16-11-2012, 03:36 PM
Simple Probabilistic Predictions for Support Vector Regression
Simple Probabilistic Predictions.pdf (Size: 182.46 KB / Downloads: 39)
Abstract
Support vector regression (SVR) has been popular in the past decade, but it provides only an estimated target
value instead of predictive probability intervals. Many work have addressed this issue but sometimes the SVR formula
must be modified. This paper presents a rather simple and direct approach to construct such intervals. We assume that
the conditional distribution of the target value depends on its input only through the predicted value, and propose to
model this distribution by simple functions. Experiments show that the proposed approach gives predictive intervals
with competitive coverages with Bayesian SVR methods.
INTRODUCTION
In the past decade support vector regression (SVR) [15], [12] has been popular for regression problems. SVR
provides only an estimated target value; however, the statement that the future value falls in an interval with a
specified probability is more informative. This paper aims to construct predictive intervals for the future values.

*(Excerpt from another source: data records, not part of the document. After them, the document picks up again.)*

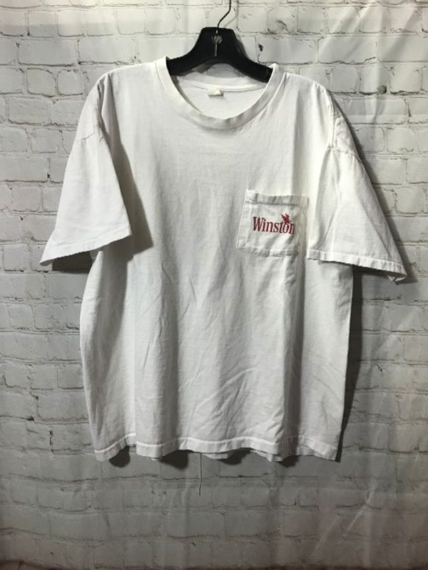 T-shirt, pocket tee, Winston, screen printed front pocket logo & The Spirit Of Freedom full back design, white/red/brown/yellow, size XL as is
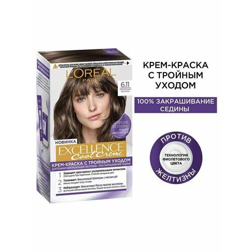 НАЙТИ ВЫГОДНЕЕ - Крем-краска для волос L'Oreal Paris Excellence Color 6.11 Темный русый, 258мл
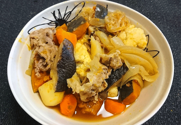 そして、こちらは豚肉、椎茸、玉葱、ジャガイモ(メークイン)、人参、
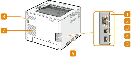 在此处使用MEAP应用程序或IC卡读卡器连接USB设备。此外,打印存储文件或导入/导出本机设置时,请在此处连接 USB 存储设备。
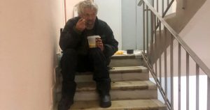 Соседка бедолаги рассказала, что мужчина болен, но при этом уже пятые сутки спит на холодной лестничной клетке. Об остальных удобствах речь тем более не идет, хотя, судя по фото, его хотя бы подкармливают (но кто — неравнодушные соседи или горе-родственнички — неясно).

For conventional linear regression, the prediction interval has been well developed; for example, see [16] for
Gaussian noise case and [3], [14] for non-Gaussian case. SVR differs from conventional regression in that it maps
input data into a high dimensional reproducing kernel Hilbert space and uses an -insensitive loss function. As a
result, SVR has a sparse representation of solutions, and hence is relatively fast in training/testing. However, due to
these differences, the existing methods for constructing prediction intervals can not be applied. Recently Bayesian
interpretations of SVR have been developed [6], [4], [2] along the ways of Bayesian techniques for Neural Networks
[8] and for SVM classification [13], [11]. Using a Bayesian framework, one can determine parameters in SVR by
maximizing an evidence function, and at the same time derive an error bar for prediction.
CONCLUSIONS
In this paper, we propose a simple approach for probabilistic prediction suitable for the standard SVR. Our
approach starts with generating out-of-sample residuals by cross validation, and then fits the residuals by simple
parametric models like Gaussian and Laplace. The most powerful scale-invariant test is applied to effectively test
Gaussian against Laplace. We then compare it with the Bayesian SVR methods by evaluating the performance of
the prediction intervals. The experiments on real-world problems show that our easy approach works fairly well and
is robust to parameter selection strategies. Moreover, in certain cases we can further improve upon our approach
by re-estimate the scale parameter of the Laplace family. In summary, though we assume that the distribution of
the target value depends on its input only through the predicted value, the proposed approach easily provides some
useful probability information for SVR analysis.